If the government really wanted to consolidate things and bring some real clarity, accountability and savings in terms of tax dollars, it would consolidate the federal system with the provincial court system.
It would eliminate 200 judges and save $4 million a year at the bare minimum without even getting into all the clerical help and everything else. That is an area in which we could benefit from some consolidation, but the Liberal government does not do things that way. It does not want to downsize the empire it helped to build. A lot of its pals in the legal community would lose potential esteem by being appointed to one of these courts.
There were some comments made by a colleague about the independence of the judiciary. I have a lot of problems with that argument.
Our system is based on the British system we have inherited and refined. In the final analysis the 301 people who came to the House of Commons, providing that public sentiment is with us, should have the final say on the laws of Canada.
It is not the courts.
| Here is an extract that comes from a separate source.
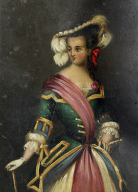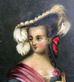 Portasigari in legno e papier mâché, con decoro raffigurante dama, XIX secolo, cm 14,5x7x1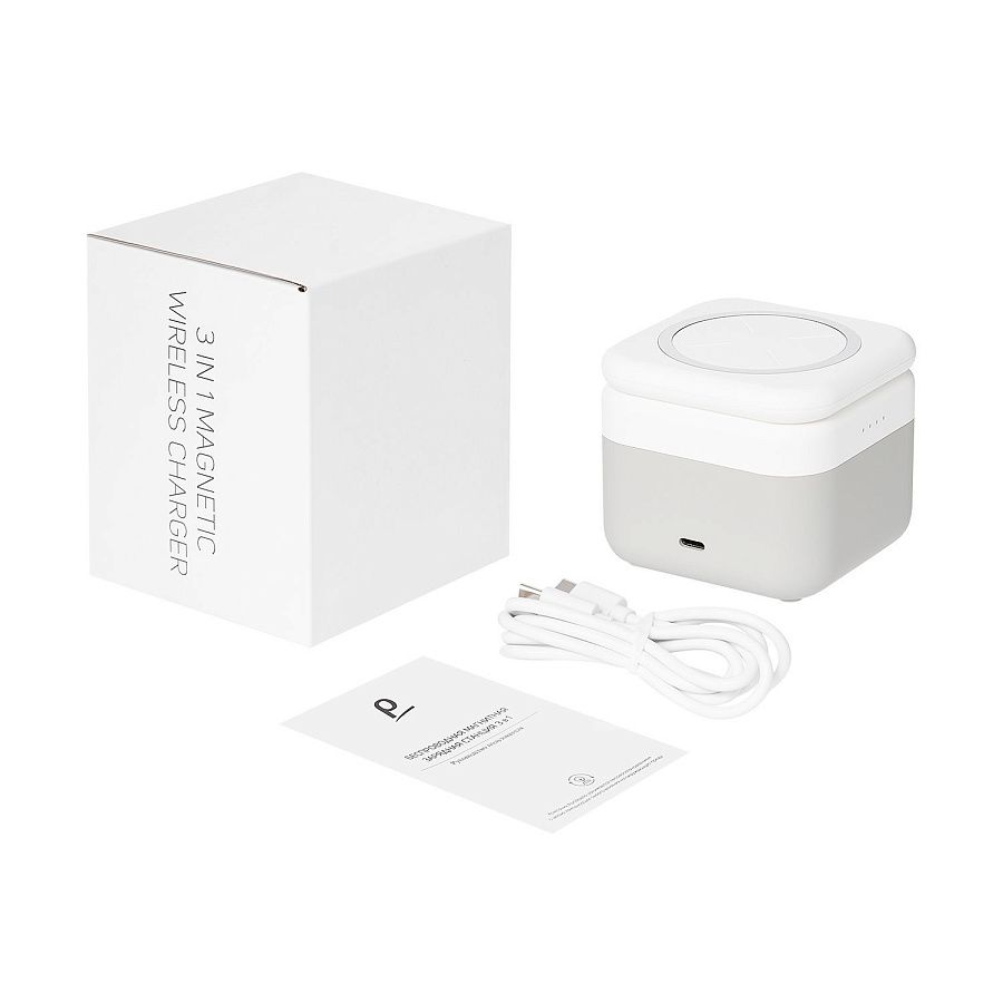 Новая беспроводная магнитная зарядная станция 15W 3в1 – эксклюзивная модель Portobello. Сube Wireless Magnetic позволяет заряжать сразу 3 гаджета одновременно: смартфон, наушники и смарт-часы. Аксессуар выполнен в креативном дизайне, что позволяет ему органично вписаться в современный интерьер квартиры или офиса. Кроме того, он помогает уменьшить количество проводов на рабочем столе или прикроватной тумбе.

They are not elected and not directly accountable to anybody. They are there for life or until they retire. They do not have to face the media or parliamentarians. If we say something that is not quite right for some of them, we can be held in contempt of court by them. They have a lot of power. I am disturbed at how much power we have transferred to the courts.
If we look at the Ressam case that we dealt with in the House, one of the problems with Ressam and our immigration refugee system was the courts. They decided that we did not make the rules in the House, that they did, and that if they did not like someone being sent back to some country like Algeria they would not send him back.
I do not agree with transferring power from a democratic institution to an institution that is not democratic, and then transferring more and more power. I do not know how the secretaries, the clerks and the administrative people in the court system have anything to do with judicial independence and the separation of powers of the judiciary in the court system.
It is another tendency where we are transferring fiscal power from the House of Commons, from the finance minister and so on, to the courts. They are making court decisions that are imposing huge financial burdens on Canada and on the taxpayer.
Indirectly they are now getting to a position where they can start deciding who in the public service comes within the ambit of judicial independence. They will have the final say on the benefits package, the salary benefits that are paid out to these employees. I find this disturbing.
I would have thought that based on experience the government would realize the tendency to move in this direction is wrong and that we will have to back off in a lot of areas. The Americans will make us back off in a lot of areas, as will the United Nations with its conventions on deportation of refugees. We will have to back off, get off our high horses and use some common sense.
I am disturbed the government would be giving more power to our court system. The courts have plenty of power and do not need any more than they already have.
We are kind of reluctant supporters of the bill. It is a very timid type of bill. If the government had some courage it would be looking at a serious consolidation of our judicial system and at some of the big time savings we could have on a year by year basis.
I doubt whether the bill will save anything. By the time we are finished implementing it, changing all these laws and retraining everyone, we will be in the hole for a long time. My Liberal friends figure that if they pass a law, bingo, everything will be okay, that tomorrow the law will be in place and everything will fall into place.
It is not the way things are managed in the world. If we want results we manage those results; we do not order them or command them. The government has to learn that. It is very poor at that and it is time it started looking at a whole different way of doing public administration.